Since this is a gossip thread...

I have a couple friends who genuinely want the extinction of the human race. Not in a mass murder sense as they conceptualize it, but in a create a successor species, give a good life to the remaining humans, maybe offer them the chance for brain uploads, sense. Details and red lines vary between them, but they'd broadly agree that this is a fair characterization of their goals and desires.

Where do they work? OAI, Anthropic, GDM.

I have a fair amount of sympathy for their viewpoints, but it's still genuinely shocking. It's as if you suddenly found out that every government official was secretly a Hare Krishna or part of the People's Temple, and then when you point it out, everyone thinks the accusation is too absurd to be real.

In their defense: why do we care so much about the survival of homo sapiens qua sapiens? We're different from how we were 50,000 years ago, and we'll be more different still in 5,000, and maybe even 500. So what? So long as we have continuity of culture and memory, does it matter if we engineer ourselves into immortal cyborgs or whatever is coming? What's so special about the biped mammal vessel for a mind?

Not gonna make an argument here because I don't think there would be a point, but I'll mention that you're doing a great job demonstrating my concerns about atheists.

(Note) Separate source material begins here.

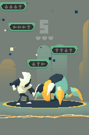 面对强大的怪兽,普通的拳法似乎并不能对它造成明显的伤害,所以需要借助天空中落下的符文的力量,玩家需要根据符文上标示的方向在屏幕上做出相应的划动,这样可以激发英雄使用神拳痛打怪兽!

Well, leaving it at that would be a cheap shot, so,

I don't think I'm my mind any more than I'm my body. Which is to say, yes to both, but there's more going on than that. Also, human beings are uniquely divine, and God is a man in heaven. Human existence and experience are uniquely important, and uniquely destined.

Believe it or not I'm open to the idea that at some point 'we' make the transition to non-organic substrates. I just don't know enough about what actually matters to rule that out. But when people are eager to make the jump to artificial bodies and minds (not that you actually advocated for this), they strike me as dangerously naive in terms of their assumptions.

How sure are you that what we are can be digitized? What, specifically, is valuable to you, and worthy of cultivation? In symbolic terms, which gods do you actually serve?

So you're arguing for qualia and souls, yes? I believe I am my mind, that the mind is computation, and that its computational substrate is irrelevant. I'm honestly baffled by people who hold otherwise --- I want to be charitable, but I'm having a hard time seeing past opposition being ultimately a product of personal incredulity regarding our conscious experience being a worldly, temporal information processing phenomenon.

Our minds are worldly, temporal information processing phenomena, yes. At least mostly, as we experience them. No disagreement there. The question is whether, if and when our minds die, there is anything of us left. I think so.

We have no idea what consciousness is, how it happens, or even why it should ever arise in the first place. Until that's sorted there's a ton of room for other perspectives. Soul of the gaps, sure. That accusation wouldn't trouble me.

Perhaps I could say that I think our minds are so loud in our conscious experience that we fall into the mistaken assumption that everything occurring in our consciousness is our minds. The only way to find out is to die. In the meantime I'm not in a rush to create perfect, immortal copies of my mind which have no internal conscious experience, let the last bio-humans die off, and call it a day.

But I want to repeat the question:

How sure are you that what we are can be digitized? What, specifically, is valuable to you, and worthy of cultivation? In symbolic terms, which gods do you actually serve?

Your position is fundamentally religious, isn't it? We feel that existing, thinking, being are so profound that they must continue after death. But what if they aren't? I've never seen evidence that they are. If you'd like to adopt a religiously flavored epistemology, that's fine, but having done so, you've departed from the realm of logical argumentation.

Regarding the realm of logical argumentation, what's your view on Determinism and the free-will problem?